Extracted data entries
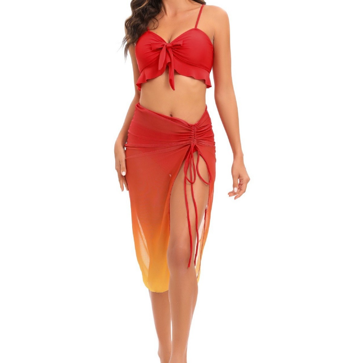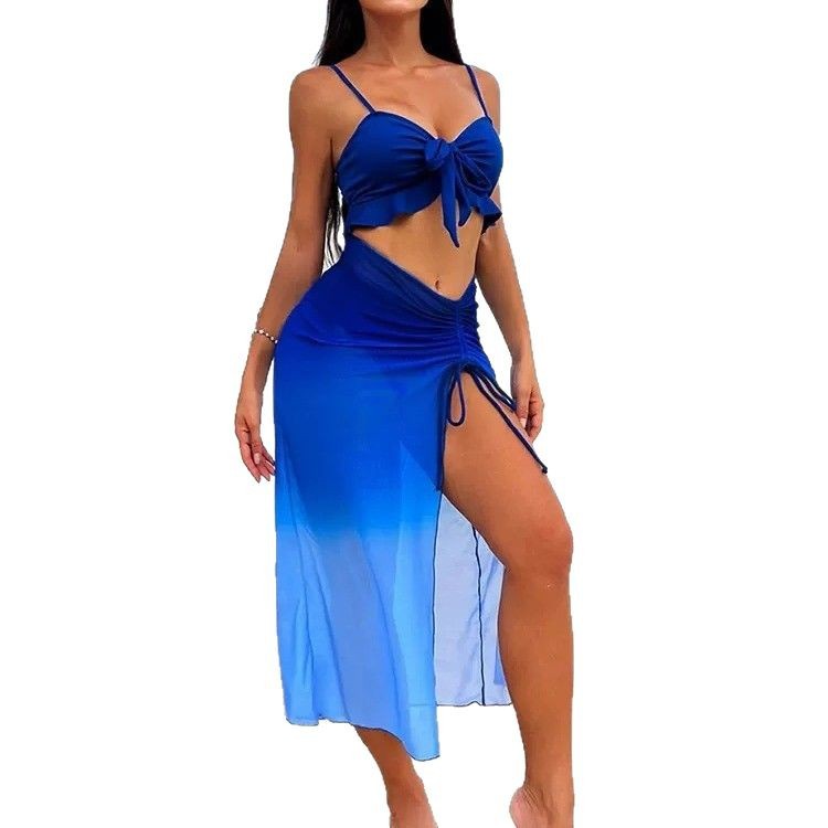 2025 새로운 스타일 스플릿 3 피스 보수적 인 비키니 스커트 메쉬 섹시한 유럽과 미국의 아마존 스타일 수영복 도매스토어 가기
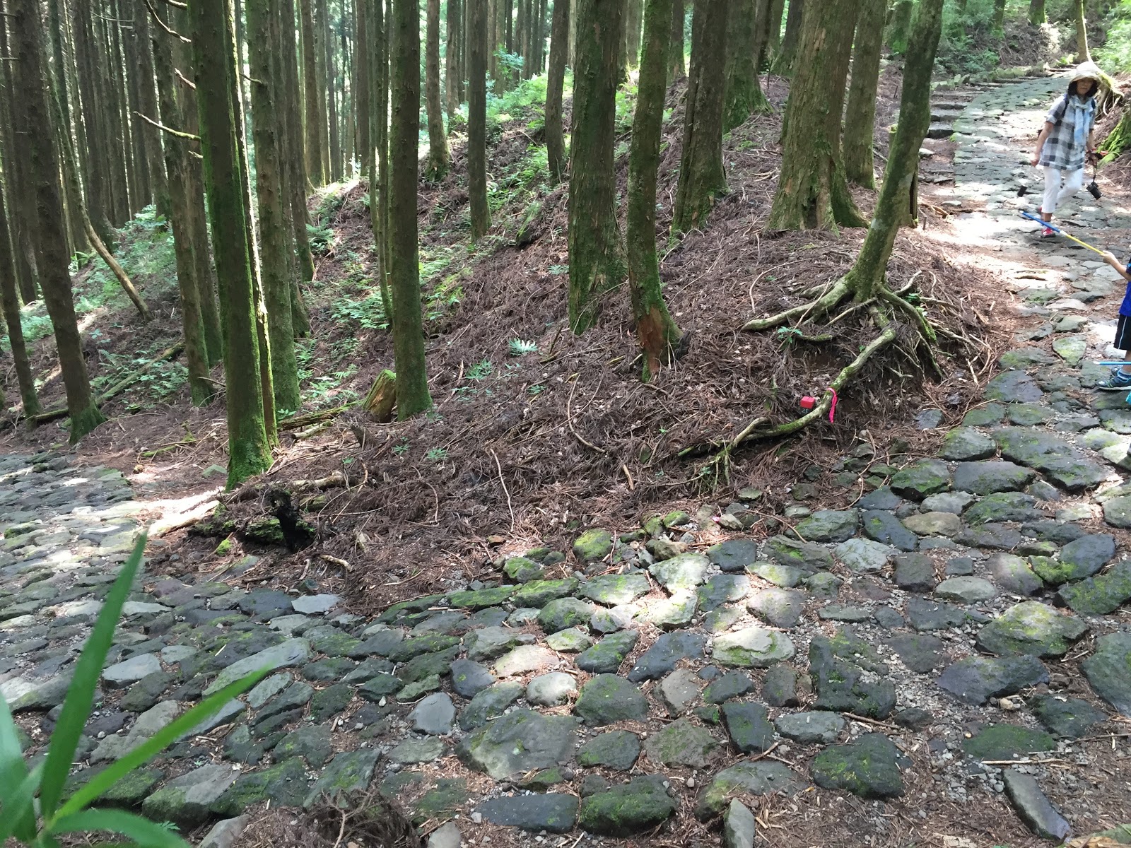 杉並木が終わり、芦ノ湖を離れて権現坂という坂道を登りますが、その後は、ひたすら下り坂です。石畳道が多くて、苔むした石はハイキングシューズでもよく滑りました。むしろこういう所はワラジの方が滑らないのではないかと思います。箱根宿と畑宿の境の目印の大岩がある天ヶ石坂(てんがいしざか)という急坂を下り、石畳道が写真のようにくねくねと続きます。
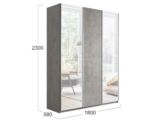 Трехдверный шкаф-купе с 2 зеркалами Траст 1800 (Трия)
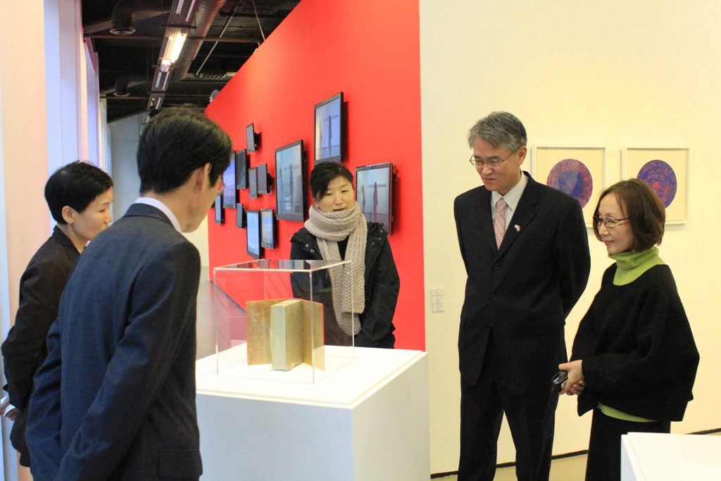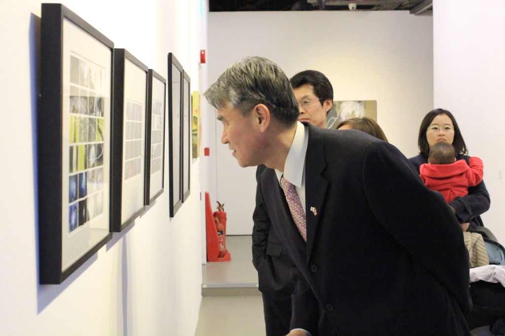 We were honoured to have HE Ambassador Park Suk-hwan visit the exhibition and meet the artists. He was joined by the director of the KCCUK, Kim Kab-soo.
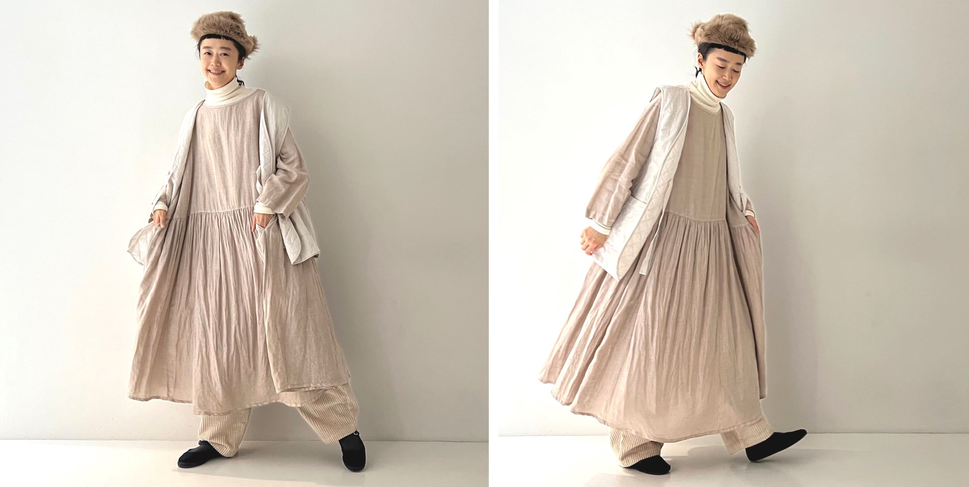 スローメイドな着心地の良さで、心のウェルネスにコミットできるネストローブの快適ワンピース。
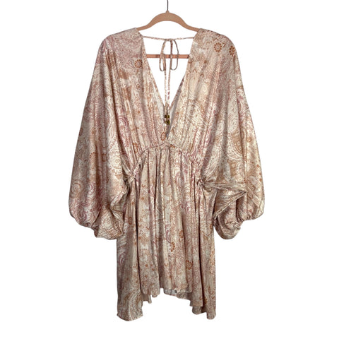 Free People Paisley Print Cinched Front Back Tie Satin Dress- Size S

ACTIVITY:
Leave out the pictures, and please output only the lines from the line that contains "スローメイドな着心地の良さで" through the end of the data, both ends included.

SOLUTION:
 スローメイドな着心地の良さで、心のウェルネスにコミットできるネストローブの快適ワンピース。
 Free People Paisley Print Cinched Front Back Tie Satin Dress- Size S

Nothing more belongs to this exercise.